* AIM OF THE EXERCISE
Repeat the data exactly, please; no pictures belong in the copy.

* DATASET EXCERPT
※ ※ ※

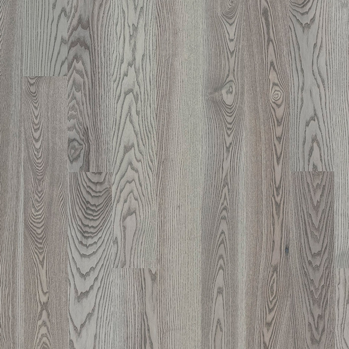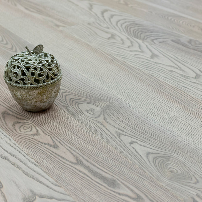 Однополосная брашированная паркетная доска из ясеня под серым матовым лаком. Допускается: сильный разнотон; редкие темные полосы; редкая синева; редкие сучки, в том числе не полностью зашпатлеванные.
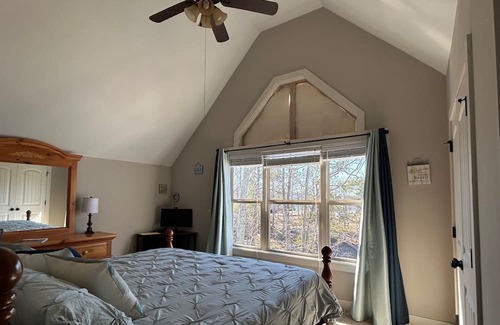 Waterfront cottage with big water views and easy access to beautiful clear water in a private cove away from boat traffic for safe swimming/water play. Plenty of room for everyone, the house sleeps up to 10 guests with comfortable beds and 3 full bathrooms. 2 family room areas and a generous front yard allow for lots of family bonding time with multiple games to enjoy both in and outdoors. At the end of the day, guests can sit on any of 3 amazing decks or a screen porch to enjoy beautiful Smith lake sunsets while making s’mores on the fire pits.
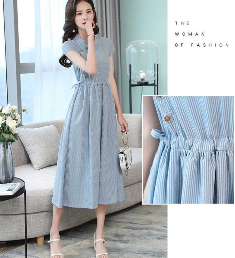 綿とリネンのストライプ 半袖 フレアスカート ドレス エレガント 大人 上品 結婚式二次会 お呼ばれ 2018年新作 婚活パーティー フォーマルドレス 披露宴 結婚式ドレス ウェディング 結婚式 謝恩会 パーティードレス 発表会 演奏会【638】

※ ※ ※

* FINAL ANSWER
 Однополосная брашированная паркетная доска из ясеня под серым матовым лаком. Допускается: сильный разнотон; редкие темные полосы; редкая синева; редкие сучки, в том числе не полностью зашпатлеванные.
 Waterfront cottage with big water views and easy access to beautiful clear water in a private cove away from boat traffic for safe swimming/water play. Plenty of room for everyone, the house sleeps up to 10 guests with comfortable beds and 3 full bathrooms. 2 family room areas and a generous front yard allow for lots of family bonding time with multiple games to enjoy both in and outdoors. At the end of the day, guests can sit on any of 3 amazing decks or a screen porch to enjoy beautiful Smith lake sunsets while making s’mores on the fire pits.
 綿とリネンのストライプ 半袖 フレアスカート ドレス エレガント 大人 上品 結婚式二次会 お呼ばれ 2018年新作 婚活パーティー フォーマルドレス 披露宴 結婚式ドレス ウェディング 結婚式 謝恩会 パーティードレス 発表会 演奏会【638】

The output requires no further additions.